「何がお姫様抱っこだ! こいつがお姫様ってガラか?」

何て失礼な、と思ったが、それを口に出して言えないのがもどかしい。

〈ねぇ、眉間に皺が寄ってる。怒っているみたいだよ〉
「悪夢でも見ているんだろよ? 全く、あれほど離れるなと言っておいたのに」

相当、お怒りのようだ。

「犬っころとチビ助が呼びに来なかったら危なかったぞ。けど、お前らはこいつから離れていろ、ヤバい状況だからな」
〈うん、分かってる。ミライのことよろしく〉

ヤバいって何がだろう? そんなことを思っていると、クッションの悪い何かの上に乱暴に下ろされた。

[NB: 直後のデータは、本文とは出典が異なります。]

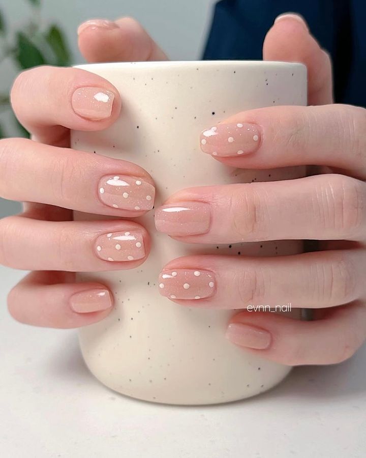 ヌードベージュにさりげなく重ねたピンクの水玉が可愛い。

この匂いは天地さんの車の匂い? あれ? 私は特別室にいたんじゃなかった? 談話室から特別室、そして、天地さんのワゴン車。私ってば、ワープができるようになったのだろうか?

そんな馬鹿げたことを真剣に思っていると、エンジンの音が聞こえた。

「もしもし、ああ、俺だ」

発車したと同時に天地さんが喋り出した。どうやら電話を掛けているようだ。

「間一髪で奪還(だっかん)できた。しかし、目覚めない。何か飲まされたらしい。そっちに連れて行くから()てやってくれ。ああ、よろしく」


 *


「あら、ようやくお目覚めね」

パチパチと数回瞬きを繰り返し、手の甲でゴシゴシと瞼を擦って再び目を開ける。